# Would you like to have sex with me?



## juls22

Hi!
How I can translate this phrase? Thanks!


----------



## FuShi

ecchina koto shitai? x)!

ecchi shitai?

or

yaritai?

Althought "have sex" is quite polite my traslation is more casual. I guess you already know very well this person. right? XD


----------



## juls22

right 
but if you can I need the "original phrase" with japanes kanji!


----------



## FuShi

Hなことしたい？

Hしたい？

やりたい？


----------



## juls22

FuShi said:


> H???????
> 
> H????
> 
> ?????



thank you so much!!


----------



## NonComposMentis

FuShi said:


> Hなことしたい？
> 
> Hしたい？
> 
> やりたい？



This all sounds rather crude to me, but then so does the original English. I would guess you need to establish the price when you use these phrases. Another expression somewhat similar to the rather crude "H suru" is "S ni tsureru". ("H" is short for "hentai" meaning perversion, while "S" means "sex", somewhat less crude.)

In Japanese, as in English, the word "neru" (寝る、ねる） is used as a euphemism for having sex, so you could say 「一緒に寝ない？」。 (Issho ni nenai?)　The "Do you wanna~" invitation in English is quite close to the Japanese "~しない？" while the more formal "Would you like to~" could be rendered as "~しませんか？"　I.e., here it would be 「一緒に寝ませんか？」 which sounds too formal for people who know each other well enough to ask.

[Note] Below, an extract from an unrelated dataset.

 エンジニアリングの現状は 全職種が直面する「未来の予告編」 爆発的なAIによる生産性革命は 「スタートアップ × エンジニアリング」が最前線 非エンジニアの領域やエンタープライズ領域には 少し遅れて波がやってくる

Another euphemism that I've heard is "daku" 「抱く」。I can't find that meaning listed in my dictionary, though. Since I am not a voyeur, I cannot attest to how natives generally say these things in private, but I'm guessing that there is a male/female distinction that shows the male as the aggressor, in this case 「抱いて欲しい」 I would guess would sound more feminine. But, I think you need some input from native speakers to know what is appropriate for what kind of context.

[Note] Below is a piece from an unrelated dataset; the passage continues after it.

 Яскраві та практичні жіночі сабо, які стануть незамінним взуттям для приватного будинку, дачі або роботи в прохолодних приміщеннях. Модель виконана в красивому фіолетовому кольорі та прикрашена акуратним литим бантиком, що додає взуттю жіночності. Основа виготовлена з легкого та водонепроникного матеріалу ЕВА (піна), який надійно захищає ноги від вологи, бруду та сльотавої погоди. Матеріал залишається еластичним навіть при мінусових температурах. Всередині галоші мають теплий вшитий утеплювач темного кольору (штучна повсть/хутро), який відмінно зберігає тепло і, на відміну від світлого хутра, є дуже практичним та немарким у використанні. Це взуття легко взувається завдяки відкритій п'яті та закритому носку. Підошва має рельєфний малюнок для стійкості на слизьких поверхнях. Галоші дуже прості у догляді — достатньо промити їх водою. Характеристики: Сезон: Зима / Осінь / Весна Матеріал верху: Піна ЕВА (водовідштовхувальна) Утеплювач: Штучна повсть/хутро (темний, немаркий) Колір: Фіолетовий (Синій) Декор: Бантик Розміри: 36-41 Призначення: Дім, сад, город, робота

If you have done it before, you could just ask, 「あれする？」。 (Do you wanna do it?)


----------



## Flaminius

NonComposMentis said:


> Another expression somewhat similar to the rather crude "H suru" is "S ni tsureru". ("H" is short for "hentai" meaning perversion, while "S" means "sex", somewhat less crude.)


It is true that _ecchi_ (H) is originally the first letter of 変態 spelt in Latin alphabet but I don't think the use of エッチ is crude or anything.  The best way to understand it is a comical exaggeration.  As for "S ni tsureru," I have never heard this expression.


----------



## NonComposMentis

Flaminius said:


> It is true that _ecchi_ (H) is originally the first letter of 変態 spelt in Latin alphabet but I don't think the use of エッチ is crude or anything.  The best way to understand it is a comical exaggeration.  As for "S ni tsureru," I have never heard this expression.

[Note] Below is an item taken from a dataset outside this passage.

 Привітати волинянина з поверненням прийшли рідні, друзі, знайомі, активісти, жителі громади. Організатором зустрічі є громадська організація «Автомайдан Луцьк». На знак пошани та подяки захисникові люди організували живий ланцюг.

I heard some high school kids using it some time back. Dunno if it was just a local thing or what.


----------



## Flaminius

I am just curious what was the exact form that you heard.


----------



## NonComposMentis

Flaminius said:


> I am just curious what was the exact form that you heard.



Memory is a fickle beast. We like to pretend that it is a recording of what has happened, but it is more of a cartoon-like interpretation. I know what I think I remember, and I can tell you the circumstances. I was talking with some high school girls who were telling me about a male exchange student who was visiting their high school. One of them told me ｢彼は、（Aちゃん）をSに連れた。」 I didn't understand what they meant. They kept saying "S" as if I should understand that. I didn't. Then one of them spelled out S-E-X.

If you are unaware of the expression, there are several possibilities that I can think of to explain it. 1. They were talking with a foreigner and trying to use an expression they thought I might understand. 2. They were using a local expression fashionable for that place and time. 3. I may have either misunderstood or misremembered what they were saying. I have had excellent non-native speakers of English swear to me that they had heard a native speaker say something which I don't think would have been possible, and I know the mind is never recording, but always interpreting, so such mistakes are always a possibility.


----------